Loudin Wainwright III and I both attended same boarding school in what was then rural Delaware. Rumor has it Loudin wrote "Dead Skunk" about his schoolboy experiences there, as well as the song whose title I have appropriated for this posting. Loudin's got a couple of decades on me, but his Middletown, Delaware looked a good deal like mine; endless acres of corn and soybeans, flatland with a beechwood fringe and wooded gullies running down to long ponds and saltwater creeks. People fished for food under bridges. The corner store sold muskrat. There was poverty and vestiges of segregation there for those with eyes to see, but Middletown was still more the Eastern Shore than Eastern Sprawl.
Two decades have obliterated that Delaware. New Castle County south of the C&D canal is now a dizzying succession of subdivisions and box stores. A toll road parallels the old Dupont Highway, making Philadelphia an easy 1 hour commute. The farms sprout high density housing. Open space is at a premium and one of the few large tracts of green is my old school, sitting on close to 2,300 acres surrounding Noxontown Pond in a sea of sprawl.

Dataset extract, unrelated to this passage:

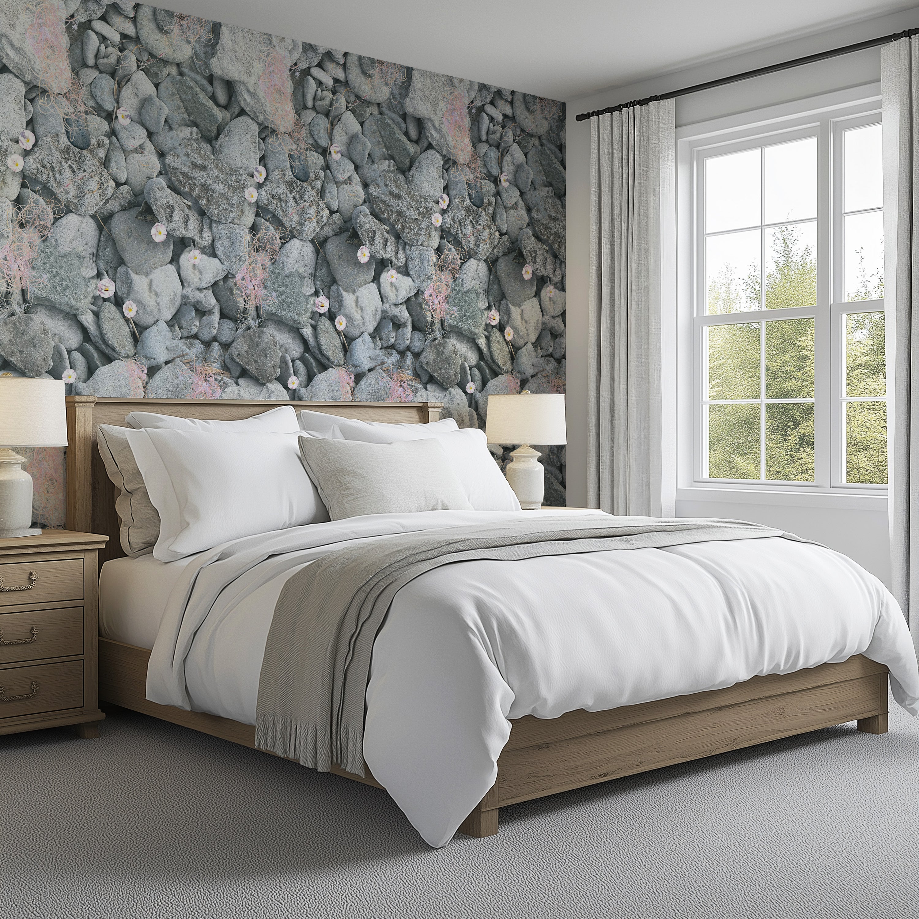 Stenarna i bakgrunden bär på en stillsam styrka – trygga, jordande och tidlösa. Ovanpå dem får det rosa livets rörelse ta plats, med blommor och slingrande inspirerade former.

I'm going back to my old school tomorrow. I'm at a place in my life when I can look at my boarding school years without the glare of teen-aged resentment. One of my favorite English teachers is now its Headmaster, and for all its conservative past the school is no more static than its environs. It is deeply concerned about the unchecked development of the Middletown landscape, but is also trying to engage more directly with the local community. I am going to try and help the school explore conservation options for its holdings that would add value both to that institution and to important natural and community resources. Its tax exemption does not mean its lands are secure from either development or eminent domain. A conservation easement could make those unwanted outcomes increasingly unlikely. We shall see.
I leave late tonight, heading out of the dark toward that glowing horizon. I'll fill you in if there's still a diamond in the rough in the Diamond State.